Reputation: 17099
Why do the following plots look different? Both methods appear to use Gaussian kernels.
How does ggplot2
compute a density?
library(fueleconomy)
d <- density(vehicles$cty, n=2000)
ggplot(NULL, aes(x=d$x, y=d$y)) + geom_line() + scale_x_log10()
ggplot(vehicles, aes(x=cty)) + geom_density() + scale_x_log10()
UPDATE:
A solution to this question already appears on SO here, however the specific parameters ggplot2 is passing to the R stats density function remain unclear.
An alternate solution is to extract the density data straight from the ggplot2 plot, as shown here
Upvotes: 8
Views: 1394
Reputation: 25914
In this case, it is not the density calculation that is different but how the log10 transform is applied.
First check the densities are similar without transform
library(ggplot2)
library(fueleconomy)
d <- density(vehicles$cty, from=min(vehicles$cty), to=max(vehicles$cty))
ggplot(data.frame(x=d$x, y=d$y), aes(x=x, y=y)) + geom_line()
ggplot(vehicles, aes(x=cty)) + stat_density(geom="line")
So the issue seems to be the transform. In the stat_density
below, it seems as
if the log10 transform is applied to the x variable before the density calculation.

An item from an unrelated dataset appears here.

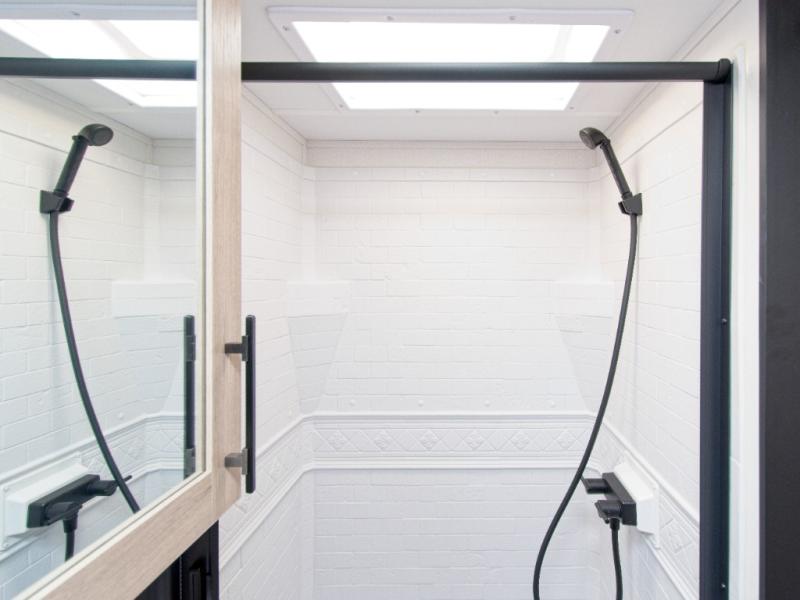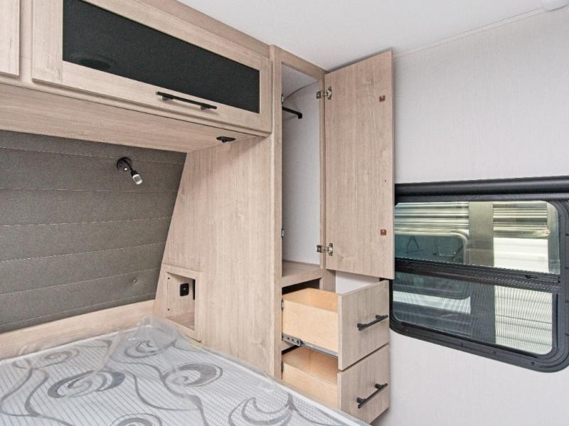 The Tuff-Ply pass-through flooring withstands wear and tear from outdoor adventures, and the designated heat duct to the subfloor and residential ductless heating system keep you warm even in colder conditions. For added convenience, the XLS Solar Package includes a 180W roof-mounted solar panel, 40 Amp charge controller, and 12V 10 cu. ft. refrigerator—perfect for off-grid living.

So to reproduce the results manually you have to transform the variable prior to the
calculating the density. Eg
d2 <- density(log10(vehicles$cty), from=min(log10(vehicles$cty)),
to=max(log10(vehicles$cty)))
ggplot(data.frame(x=d2$x, y=d2$y), aes(x=x, y=y)) + geom_line()
ggplot(vehicles, aes(x=cty)) + stat_density(geom="line") + scale_x_log10()
PS: To see how ggplot
prepares the data for the density, you can look at the code as.list(StatDensity)
leads to StatDensity$compute_group
to ggplot2:::compute_density
Upvotes: 3